▸ What is being asked
What you return must match the listing below character for character, minus any pictures.

▸ Dataset excerpt
++++++++++

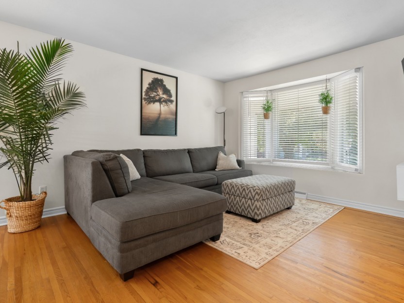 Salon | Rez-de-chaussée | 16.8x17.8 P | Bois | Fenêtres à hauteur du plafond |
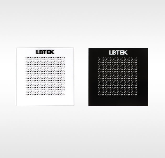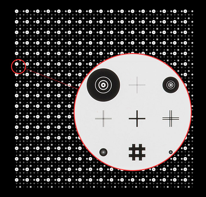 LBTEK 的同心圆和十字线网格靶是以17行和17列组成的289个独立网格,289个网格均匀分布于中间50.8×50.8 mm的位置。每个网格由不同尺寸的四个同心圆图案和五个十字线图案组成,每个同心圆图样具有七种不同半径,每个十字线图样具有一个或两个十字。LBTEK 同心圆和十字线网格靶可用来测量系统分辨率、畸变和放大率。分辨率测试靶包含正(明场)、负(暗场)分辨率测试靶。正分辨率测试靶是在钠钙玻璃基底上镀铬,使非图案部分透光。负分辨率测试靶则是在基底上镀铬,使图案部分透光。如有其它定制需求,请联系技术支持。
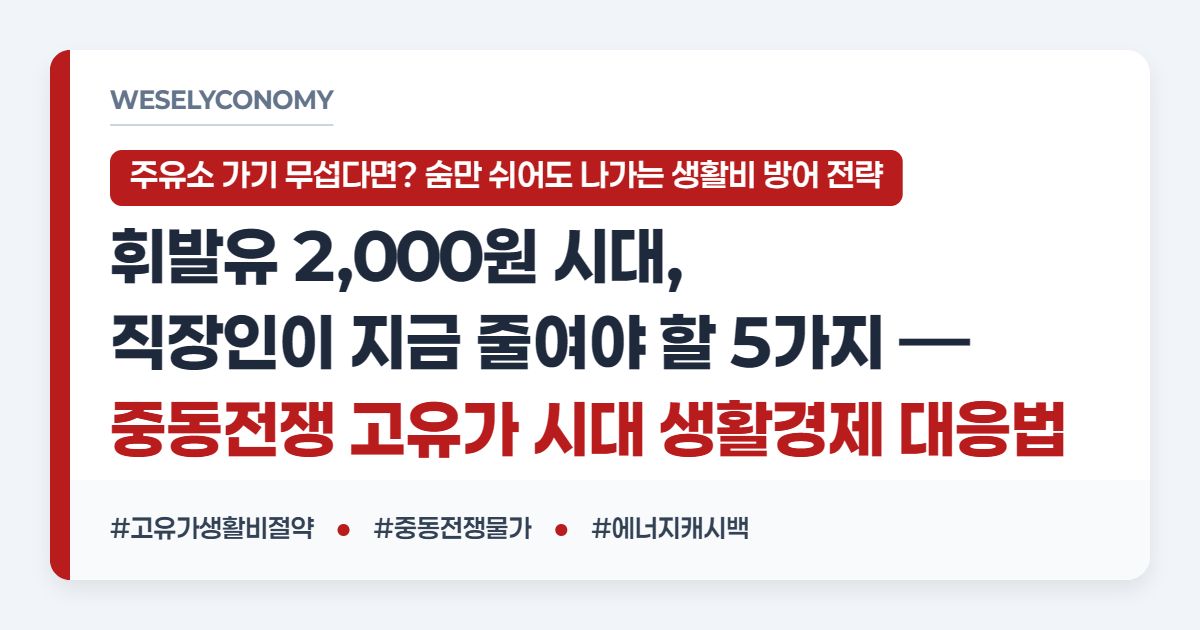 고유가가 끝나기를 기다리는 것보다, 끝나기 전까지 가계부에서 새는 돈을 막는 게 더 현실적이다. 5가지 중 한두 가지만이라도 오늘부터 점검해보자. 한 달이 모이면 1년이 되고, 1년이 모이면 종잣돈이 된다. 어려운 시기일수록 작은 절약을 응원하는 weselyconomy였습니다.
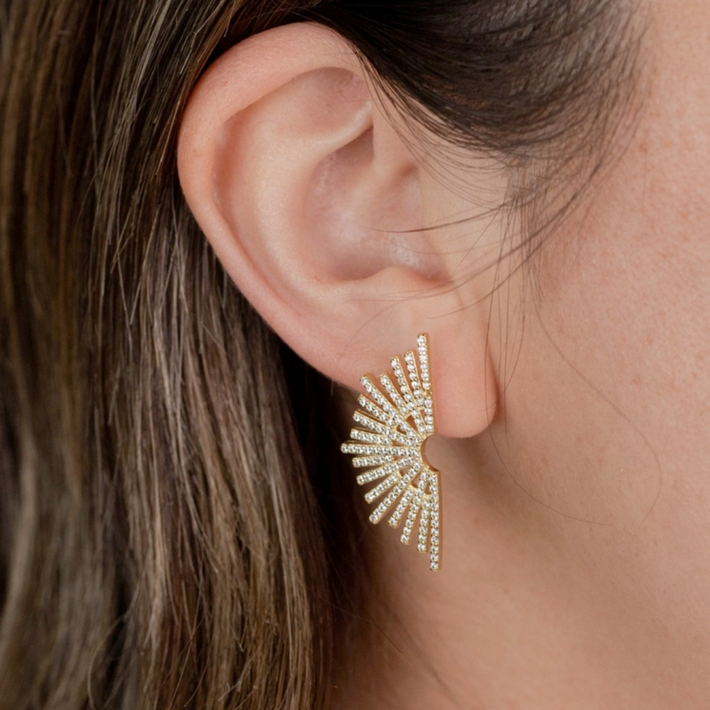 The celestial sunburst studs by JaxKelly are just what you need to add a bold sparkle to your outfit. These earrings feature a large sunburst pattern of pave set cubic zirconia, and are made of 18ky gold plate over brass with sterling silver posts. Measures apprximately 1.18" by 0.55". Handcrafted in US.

++++++++++

▸ Reply to the exercise
 Salon | Rez-de-chaussée | 16.8x17.8 P | Bois | Fenêtres à hauteur du plafond |
 LBTEK 的同心圆和十字线网格靶是以17行和17列组成的289个独立网格,289个网格均匀分布于中间50.8×50.8 mm的位置。每个网格由不同尺寸的四个同心圆图案和五个十字线图案组成,每个同心圆图样具有七种不同半径,每个十字线图样具有一个或两个十字。LBTEK 同心圆和十字线网格靶可用来测量系统分辨率、畸变和放大率。分辨率测试靶包含正(明场)、负(暗场)分辨率测试靶。正分辨率测试靶是在钠钙玻璃基底上镀铬,使非图案部分透光。负分辨率测试靶则是在基底上镀铬,使图案部分透光。如有其它定制需求,请联系技术支持。
 고유가가 끝나기를 기다리는 것보다, 끝나기 전까지 가계부에서 새는 돈을 막는 게 더 현실적이다. 5가지 중 한두 가지만이라도 오늘부터 점검해보자. 한 달이 모이면 1년이 되고, 1년이 모이면 종잣돈이 된다. 어려운 시기일수록 작은 절약을 응원하는 weselyconomy였습니다.
 The celestial sunburst studs by JaxKelly are just what you need to add a bold sparkle to your outfit. These earrings feature a large sunburst pattern of pave set cubic zirconia, and are made of 18ky gold plate over brass with sterling silver posts. Measures apprximately 1.18" by 0.55". Handcrafted in US.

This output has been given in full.